**TASK STATEMENT**
Unless a line falls after the one with "Fig. 1: SOCIB", retype it exactly from the records below; leave out all pictures.

**INFORMATION SUPPLIED**
####################

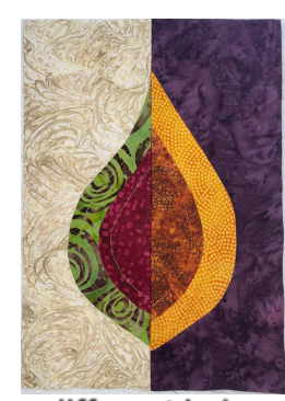
Example of two different halves sewn into one full Leaf Block
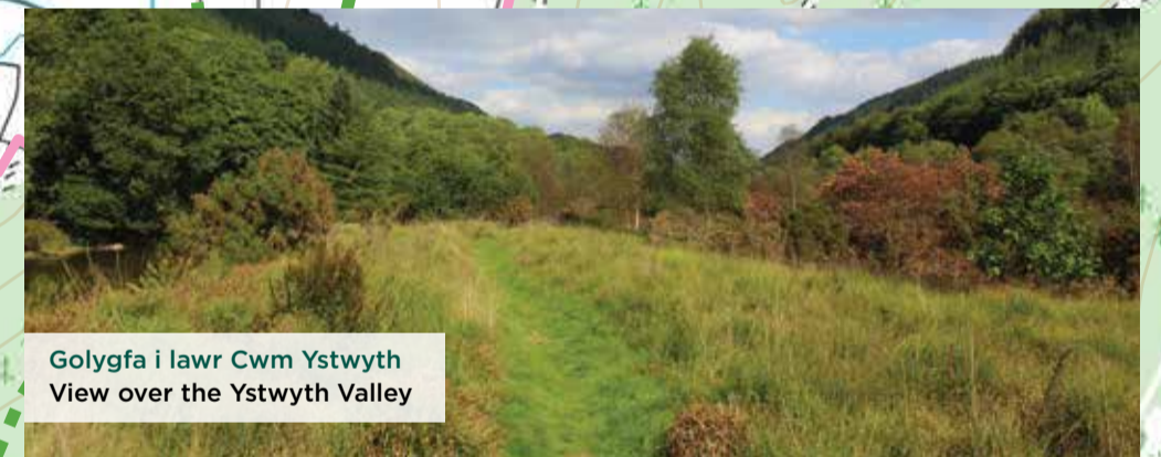
Golygfa i lawr Cwm Ystwyth View over the Ystwyth Valley

Atgynhychir y map hwn o ddeunydd yr Arolwg Ordnans gyda chaniatâd Arolwg Ordnans ar ran Rheolwr Llyfrfa Ei Mawrhydi. © Hawlfraint y Goron a hawliau cronfa ddata 2018 Arolwg Ordnans 100019741. This map is based upon Ordnance Survey material with the permission of Ordnance Survey on behalf of the controller of Her Majesty's Stationery Office © Crown copyright and database rights 2018 Ordnance Survey 100019741.
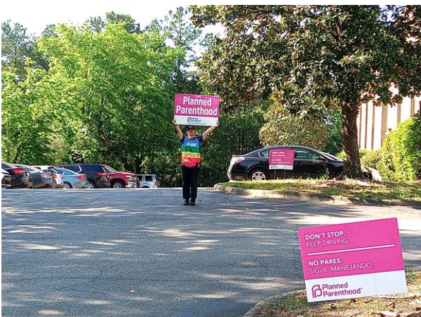
April 21, 2023 – Planned Parenthood child extermination center parking lot with "deathscort" holding sign.
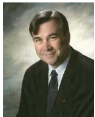
Dr. Gary Clapp Innovation Stockyard
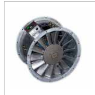
Maxflo Cased Axial Fan
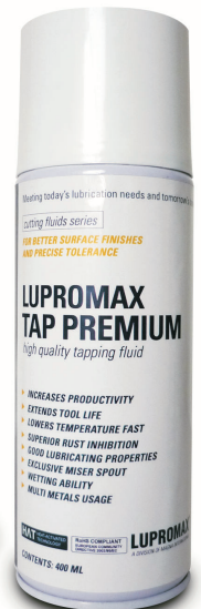
Contents: 400 ml
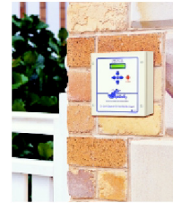
Advanced technology control panel will save you money

Adjustable settings and historical data are stored in battery supported memory and are accessible via the user friendly Liquid Crystal Display and keypad. Once again putting Icon-Septech at the forefront of modern technology!
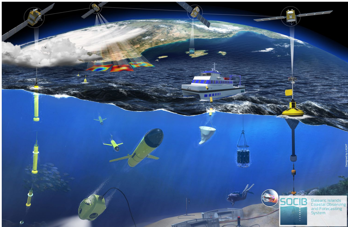
Fig. 1: SOCIB multi-platform observing system.

The Balearic Islands Coastal Ocean Observing and Forecasting System (SOCIB, http://www.socib.es ), is a multi-platform Marine Research Infrastructure that provides free, open, standardized and quality-controlled data from near-shore to the open sea.
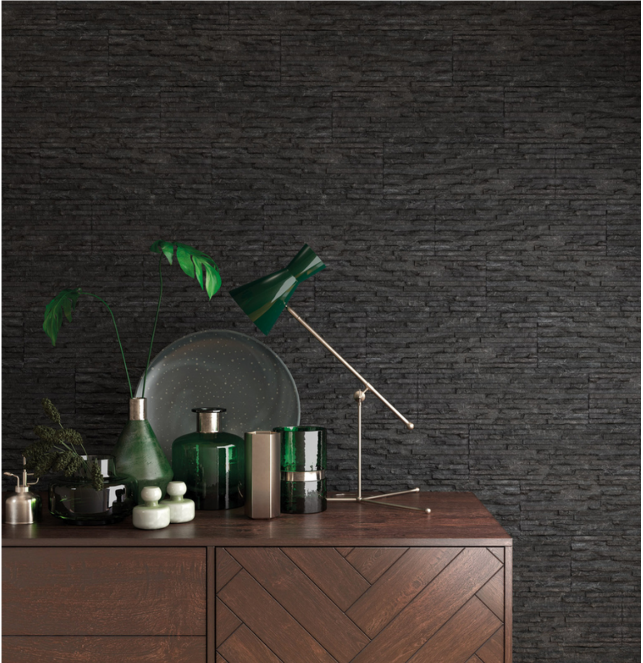
3D Stone Black
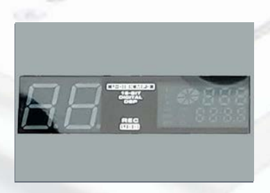
LIVE Grade Effect Engine
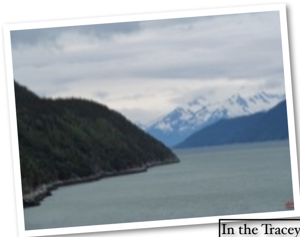
In the Tracey Arm, July 3rd, 2012

The last port of call before returning to Seattle was in Victoria, BC, Canada one of the prettiest cities, I think, that we have ever seen. It was easy to see why many Canadians retire there.
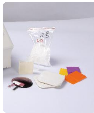
Liquid, Powder, Solid Sample Measurement

Transmittance Measurement: Adopt D/0^\circ Geometry, conform to ISO, CIE, ASTM and DIN standard.
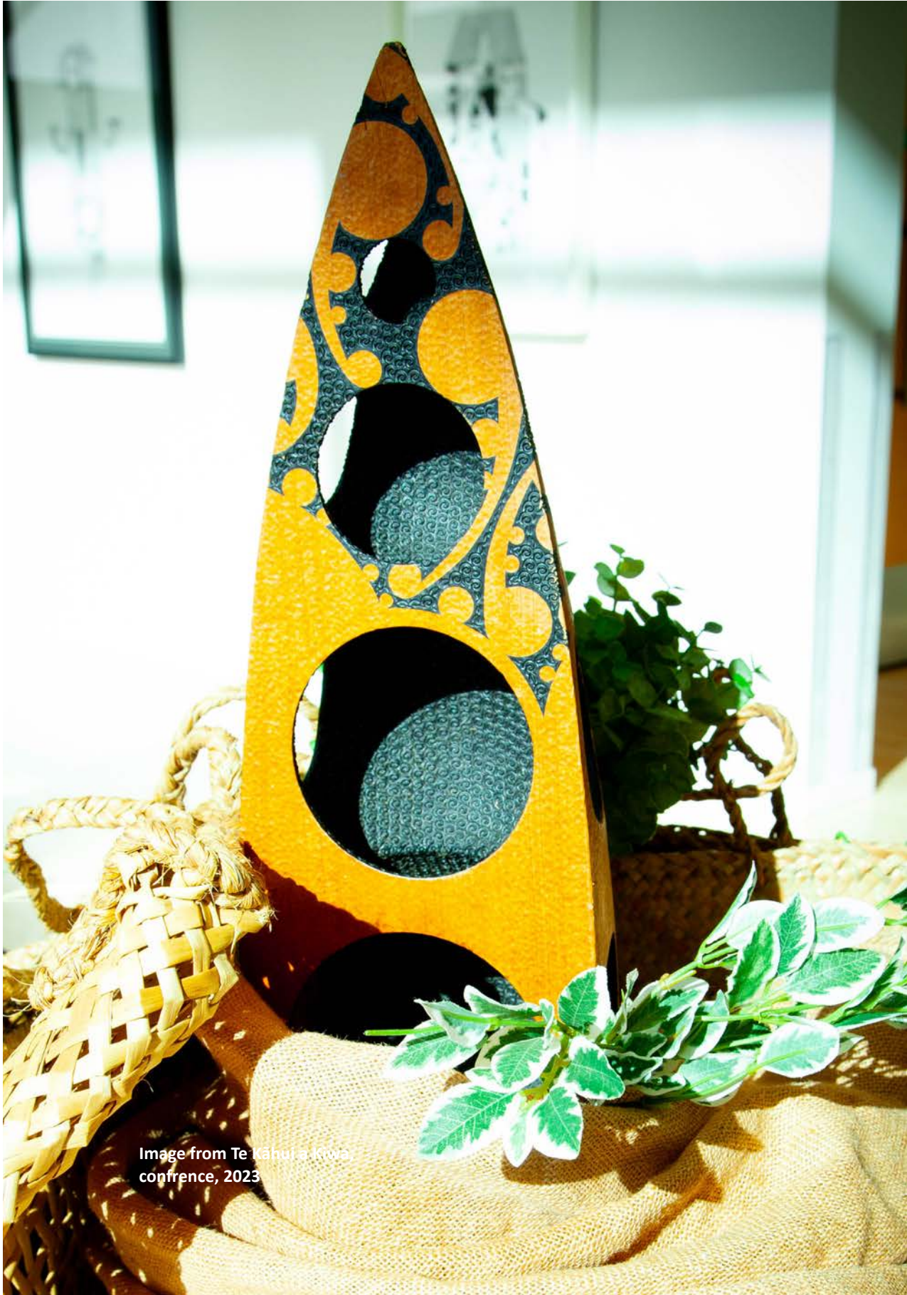
Image from Te Kāhui a Kiwa conference, 2023
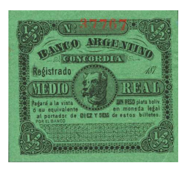
PS-1451 ENR-54r BA-7E-1-a unsigned form, mechanical dialer date to be completed by hand

PS-1451 ENR-54 BA-7E-1-a Issued note No illustration available to date
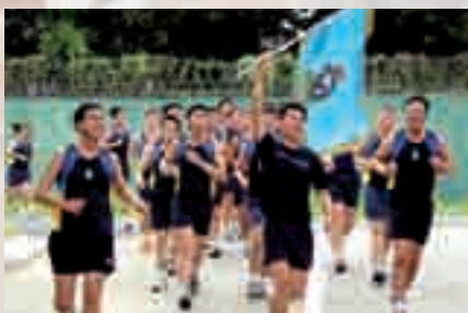
ADOC personnel bonded during the festive season through the ADOC Cohesion Run.

insight into the issues and concerns of their men, while the ADSS community left with a clearer understanding of management directions and policies.
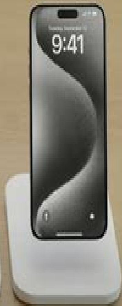
iPhone 15 Pro Max 6.7" Display
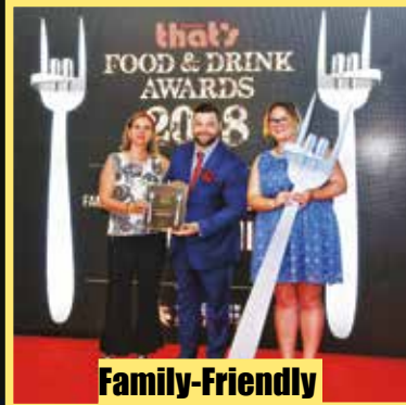
Family-Friendly Restaurant of the Year
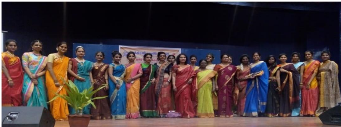
Fashion walk with handloom Sarees
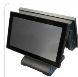
14.1 inch 16:9 LCD customer display
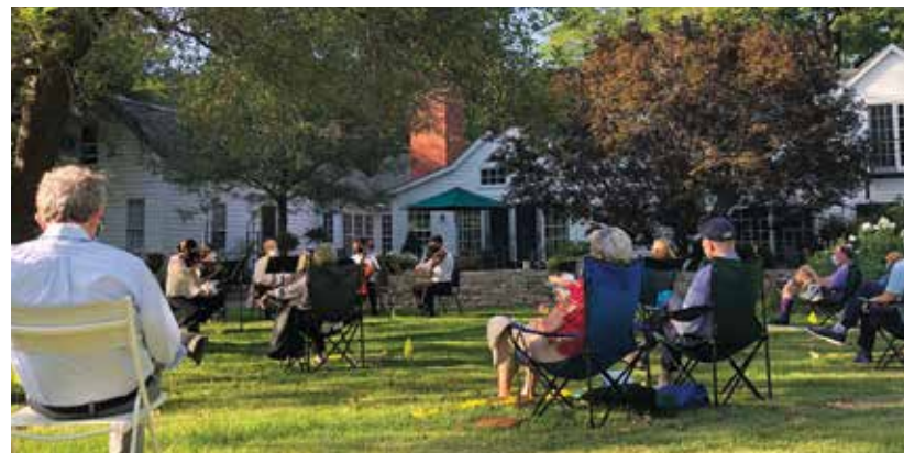
In August, guests gathered to hear another program by the Chamber Players at a beautiful private home in West Stockbridge.

After weeks of practice by the Chamber Players and intense planning by the Historical Society, both concerts were heart-warming successes, with every "seat" taken and the proceeds earmarked for the $80,000 matching grant from Massachusetts Cultural Council to replace the Old Town Hall's roof and repair its windows and doors. More than anything else, though, the events were confirmation that—with enough care and preparation—we can still join together as a community and continue to enjoy the things we love.
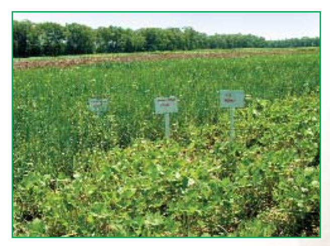
Mungbean and soybean are promising for double cropping in Tajikistan and Uzbekistan.

varieties of both wheat and cotton are used. Wheat planted in standing cotton using minimum tillage proved to be the best option. In southern Uzbekistan and Tajikistan, cotton is grown after winter wheat on 20,000-30,000 hectares in each country.
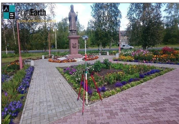
Figure 1. Clear Photo-identifiable GCP

There are challenges ranging from the obvious logistical deployment to the final processing of the data, as well as the availability of clearly defined features at the site. The availability challenge is frequently the toughest one. In the most parts of the developed world the infrastructure of the road network provides concrete and asphalt corners, white stripes, manholes and so forth while in other parts of the world the road network consists of gravel roads without such preferred features. Below is a nice flowerbed with clear geometry that is ideal as a photo-identifiable feature for satellite imagery.
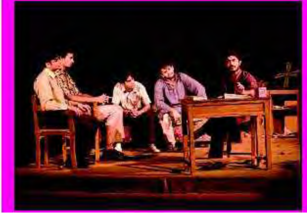
A scene from the play
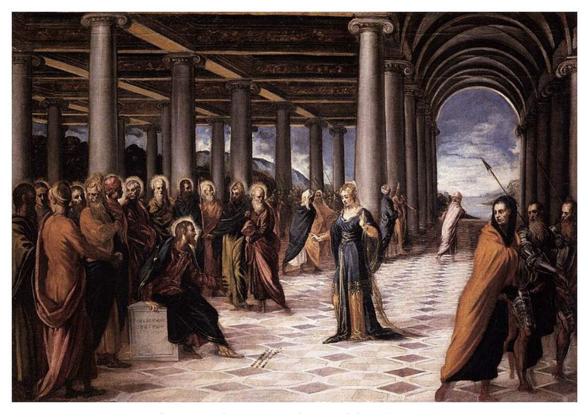
Tintoretto, The Woman Taken in Adultery (1546-48)
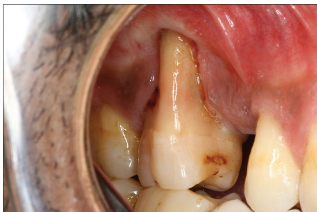
Figure 1: Preoperative photograph showing recession in relation to maxillary right 1 st molar

####################

**ANSWER BELOW**
Example of two different halves sewn into one full Leaf Block
Golygfa i lawr Cwm Ystwyth View over the Ystwyth Valley

Atgynhychir y map hwn o ddeunydd yr Arolwg Ordnans gyda chaniatâd Arolwg Ordnans ar ran Rheolwr Llyfrfa Ei Mawrhydi. © Hawlfraint y Goron a hawliau cronfa ddata 2018 Arolwg Ordnans 100019741. This map is based upon Ordnance Survey material with the permission of Ordnance Survey on behalf of the controller of Her Majesty's Stationery Office © Crown copyright and database rights 2018 Ordnance Survey 100019741.
April 21, 2023 – Planned Parenthood child extermination center parking lot with "deathscort" holding sign.
Dr. Gary Clapp Innovation Stockyard
Maxflo Cased Axial Fan
Contents: 400 ml
Advanced technology control panel will save you money

Adjustable settings and historical data are stored in battery supported memory and are accessible via the user friendly Liquid Crystal Display and keypad. Once again putting Icon-Septech at the forefront of modern technology!
Fig. 1: SOCIB multi-platform observing system.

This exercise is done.